What you are asked to do:
What is needed is a word-for-word copy of the lines below from the one with "CORNER ZIP WRISTLET" through the one with "상점에서 질서의 두루마리와 수호자의 보수를 구매합니다.", both included, with every picture left out.

Material for this task:
*** Block opens ***

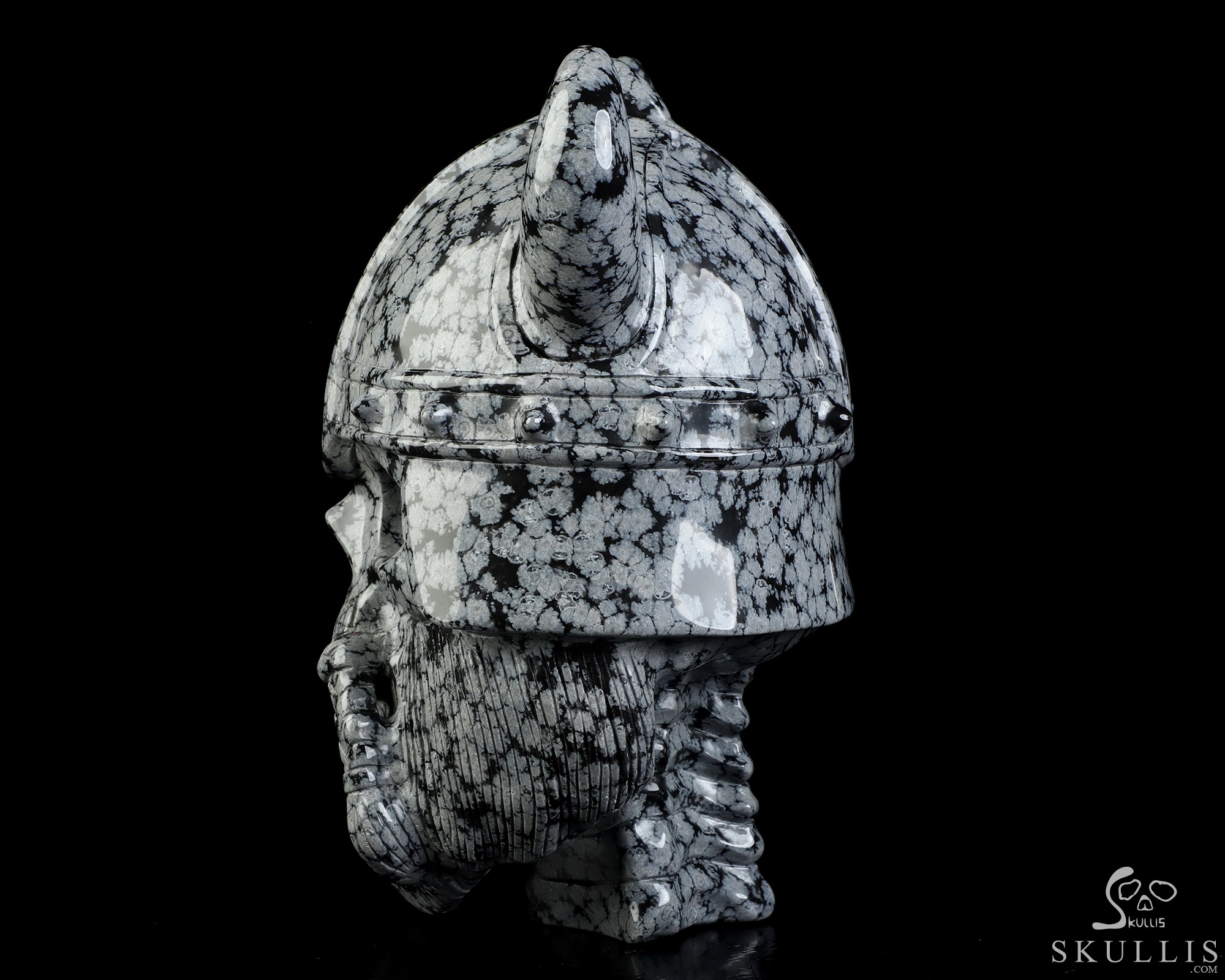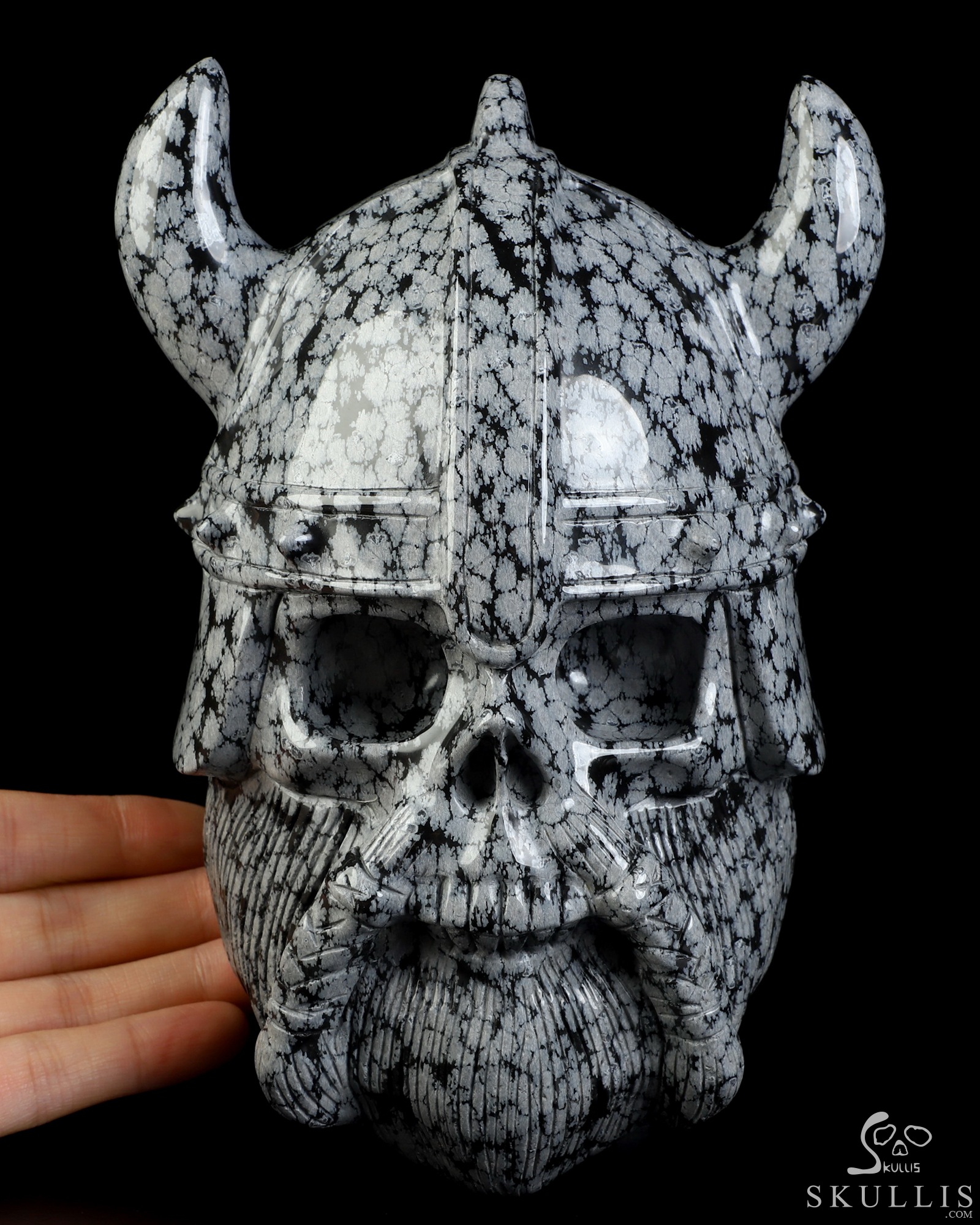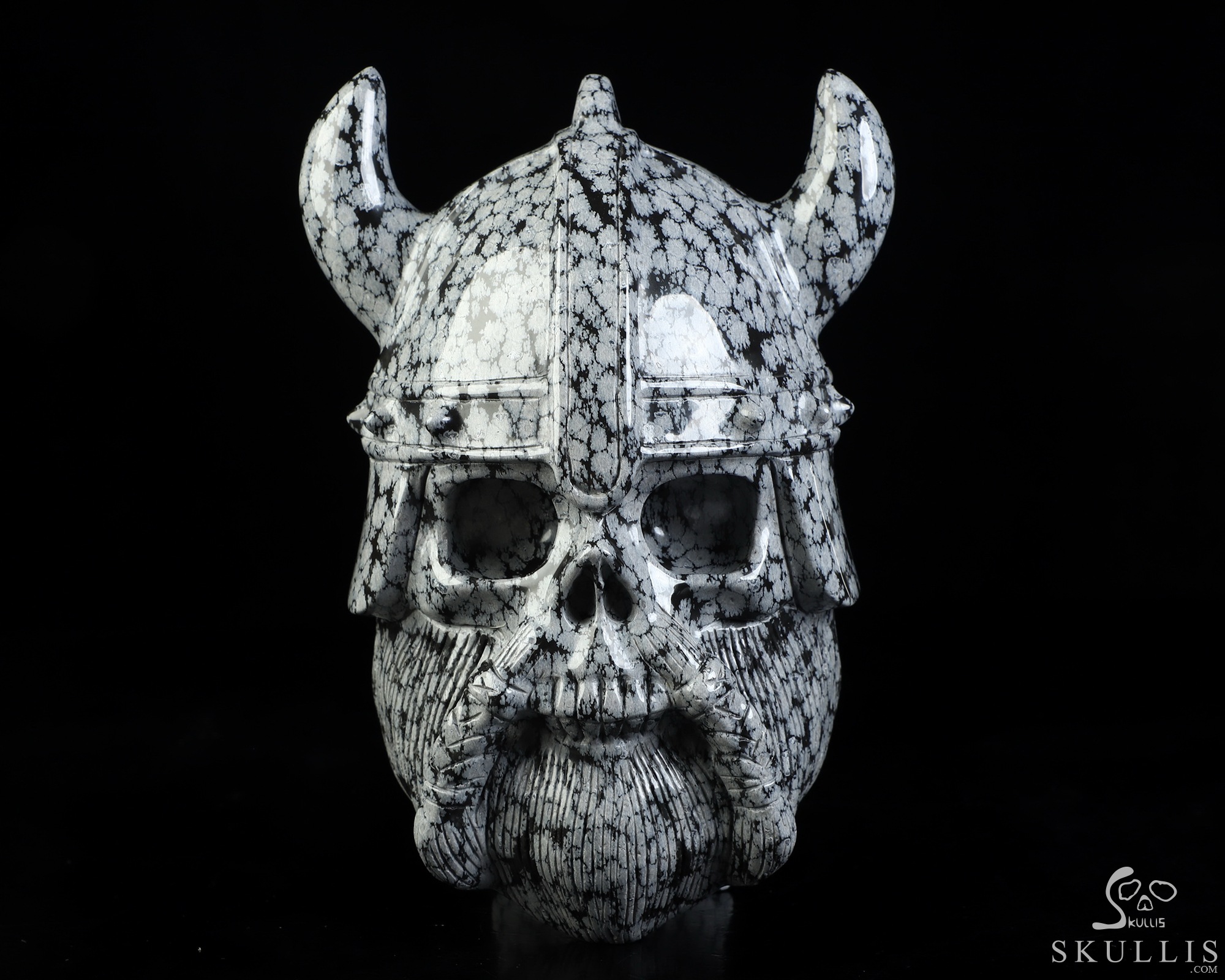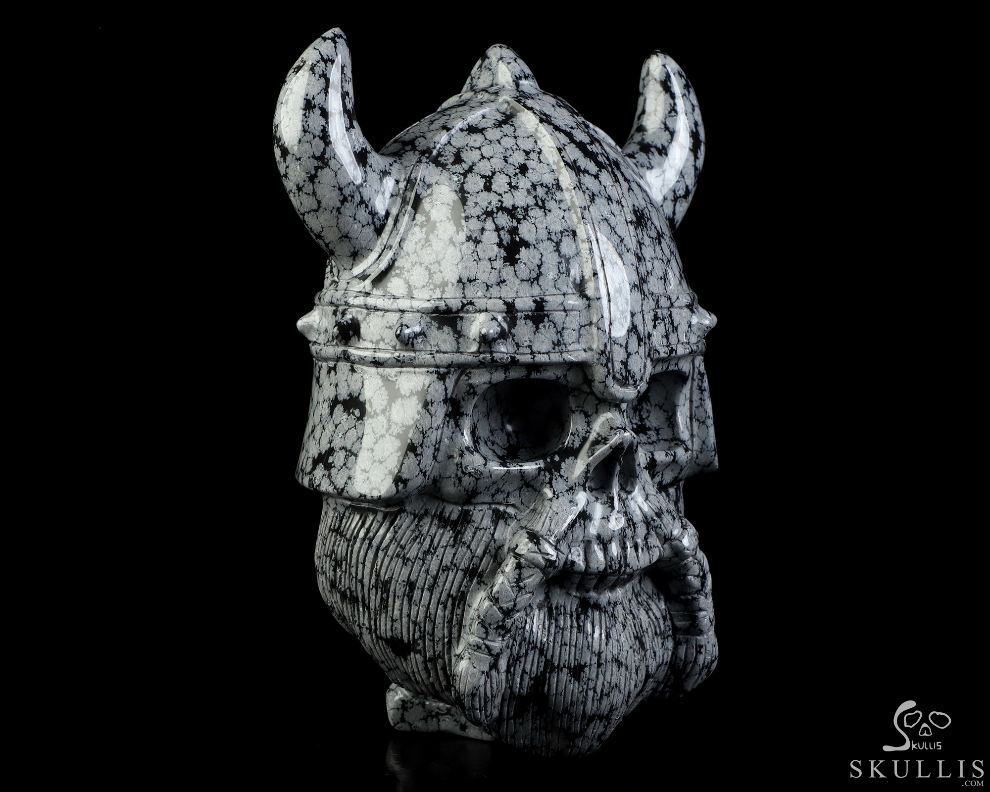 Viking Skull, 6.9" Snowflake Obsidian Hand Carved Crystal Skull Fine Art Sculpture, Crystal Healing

*** Block closes ***
*** Block opens ***

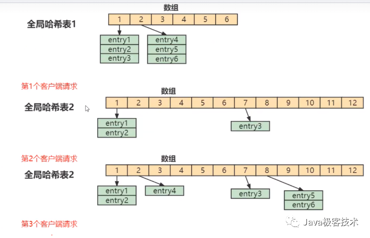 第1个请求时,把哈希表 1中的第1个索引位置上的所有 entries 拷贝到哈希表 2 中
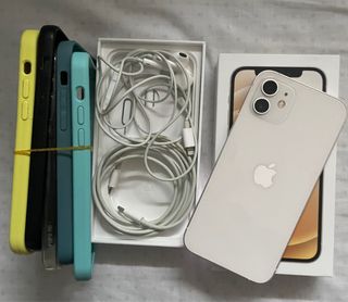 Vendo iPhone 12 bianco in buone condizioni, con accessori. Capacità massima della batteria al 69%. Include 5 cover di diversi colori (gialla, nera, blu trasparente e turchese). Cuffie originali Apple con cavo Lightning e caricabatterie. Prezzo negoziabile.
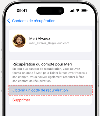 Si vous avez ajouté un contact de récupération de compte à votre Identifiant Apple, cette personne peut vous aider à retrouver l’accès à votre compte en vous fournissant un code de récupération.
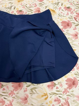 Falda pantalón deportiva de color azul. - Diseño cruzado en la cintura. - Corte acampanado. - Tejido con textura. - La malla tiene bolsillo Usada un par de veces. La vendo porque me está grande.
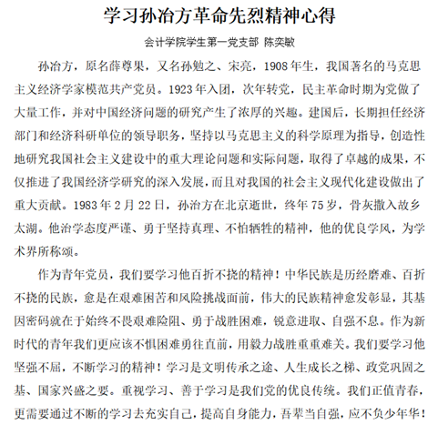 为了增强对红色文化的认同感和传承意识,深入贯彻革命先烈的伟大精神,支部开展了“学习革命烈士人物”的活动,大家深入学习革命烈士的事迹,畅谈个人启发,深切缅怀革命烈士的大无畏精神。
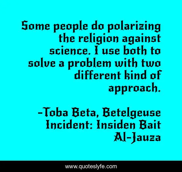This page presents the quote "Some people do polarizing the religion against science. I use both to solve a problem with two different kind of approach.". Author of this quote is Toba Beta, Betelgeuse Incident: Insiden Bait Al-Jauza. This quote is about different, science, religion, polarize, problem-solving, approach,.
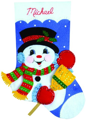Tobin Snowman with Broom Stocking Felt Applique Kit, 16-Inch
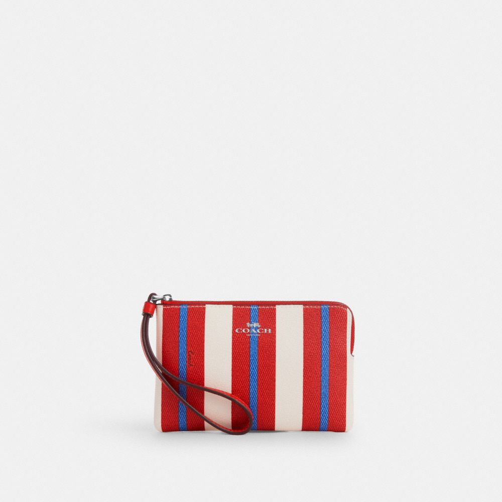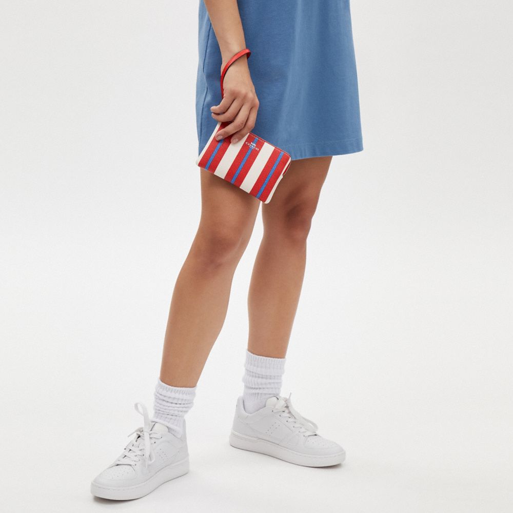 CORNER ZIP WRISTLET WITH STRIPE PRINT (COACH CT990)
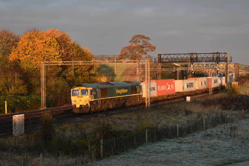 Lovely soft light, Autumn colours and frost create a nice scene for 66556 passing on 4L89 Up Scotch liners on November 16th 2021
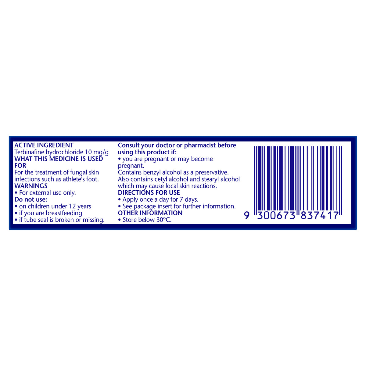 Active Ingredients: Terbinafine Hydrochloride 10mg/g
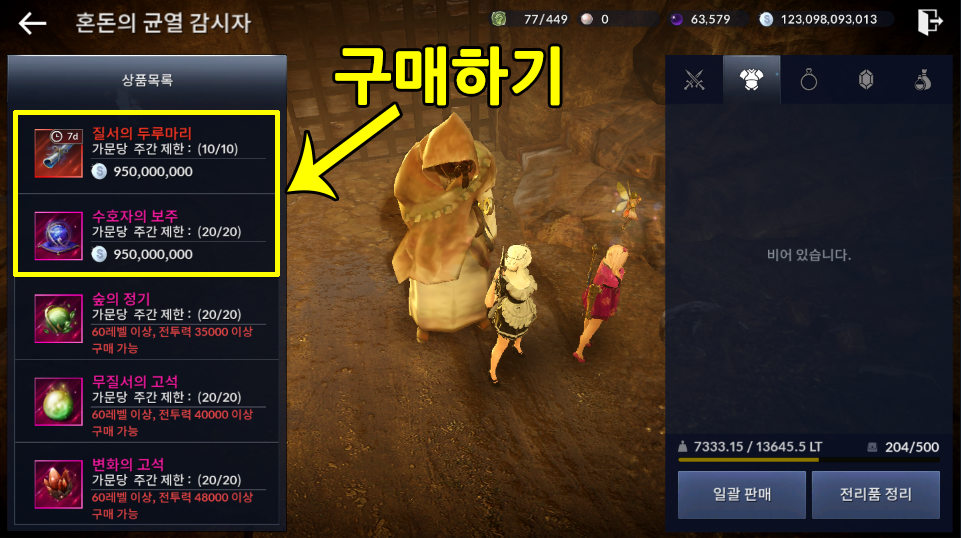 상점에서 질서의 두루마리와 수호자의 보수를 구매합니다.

*** Block closes ***

Your response:
 CORNER ZIP WRISTLET WITH STRIPE PRINT (COACH CT990)
 Lovely soft light, Autumn colours and frost create a nice scene for 66556 passing on 4L89 Up Scotch liners on November 16th 2021
 Active Ingredients: Terbinafine Hydrochloride 10mg/g
 상점에서 질서의 두루마리와 수호자의 보수를 구매합니다.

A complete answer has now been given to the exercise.